Texto de Yvonne Maggie. Professora titular do Departamento de Antropologia Cultural do Instituto de Filosofia e Ciências Sociais da Universidade Federal do Rio de Janeiro (UFRJ). Publicado na Revista de História da Biblioteca Nacional, Ano 1, nº 6, Dezembro 2005.

domingo, 19 de junho de 2022

Axé Carioca

Misto de conquistador, curandeiro e pai-de-santo, o líder negro Juca Rosa criou um ritual próprio, atraindo uma legião de seguidores no Rio de Janeiro do século XIX.


    José Sebastião da Rosa, mais conhecido como Juca Rosa, foi um dos mais importantes e afamados líderes religiosos negros que o Rio de Janeiro conheceu. Nascido em 1833, filho de mãe africana, trabalhou como alfaiate e cocheiro antes de se tornar o grande Pai Quilombo, como também era chamado. Na década de 1860, vivendo no centro da Corte, na rua Senhor dos Passos, quase esquina com a rua do Núncio, Rosa liderava uma misteriosa seita, que agregava diversos adeptos. Além dos negros, dos trabalhadores escravos, livres e libertos e dos capoeiras, figuravam também, entre seus seguidores, políticos, ricos comerciantes, membros das elites econômicas brancas e letradas. Graças ao prestígio que adquiriu, Rosa estabeleceu relações com pessoas importantes da sociedade e suas cerimônias reuniam membros das mais diferentes origens sociais, que se deslocavam até sua casa em busca de seus preciosos - e caros - conselhos e prodigiosas curas. Por caminhos muito particulares, Juca Rosa tornou-se figura notória na sociedade carioca do período.

    Não se tratava de um mero feiticeiro ou rezador, apenas mais um entre tantos e tão variados praticantes de diferentes religiões e artes de cura que habitavam  a Corte, concorrendo com os médicos científicos na disputa por pacientes. Afinal, no Rio de Janeiro do final do século XIX, assim como em todo o país, as mais diversas artes de cura conviviam lado a lado com a medicina oficial do Império. Embora proibidas por lei e arduamente combatidas por grupos de médicos e por setores da imprensa, as práticas ilegais de medicina estavam presentes com bastante força no cotidiano dos mais distintos setores sociais. Mas Juca Rosa, que concentrava as atividades de líder religioso e curandeiro, era um caso especial: seu nome tornou-se sinônimo de líder religioso afro-brasileiro, ou "feiticeiro negro", como diziam as publicações da época, e associado a práticas supersticiosas de pessoas ignorantes.

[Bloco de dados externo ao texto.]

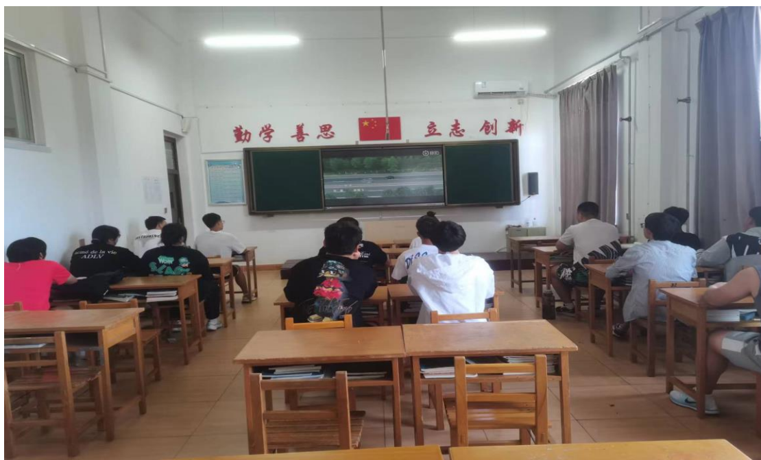
图 3 禁毒教育主题班会

    Entretanto, uma denúncia anônima que o acusava de envolvimento sexual com várias mulheres, dirigida ao segundo delegado de polícia da Corte, interrompeu suas atividades, levando-o à prisão. Quando o julgamento de Rosa foi iniciado, em 5 de julho de 1871, ele já estava preso havia quase oito meses, sendo processado pelo crime de estelionato. Em seguida, passou a figurar nos periódicos tradicionais e nos pequenos jornais humorísticos, em publicações avulsas, e até mesmo em uma peça de teatro; virou notícia até em jornais de outras capitais, como Belém e Salvador. Todos eles enfatizavam o escândalo de seu envolvimento não apenas com prostitutas, costureiras, mulheres pobres e negras, mas também com senhoras brancas e casadas, provenientes de famílias influentes na vida política da Corte - uma de suas amantes seria, segundo especulações da imprensa, a esposa de um importante político, possivelmente o autor da denúncia. Tudo isso contribuía para a caracterização de Rosa como um monstro imoral e cruel. No entanto, as senhoras, que eram a maioria de seus seguidores, reconheciam o líder como um "homem de atrativos", sempre bem vestido, usando correntes, anéis e outras joias.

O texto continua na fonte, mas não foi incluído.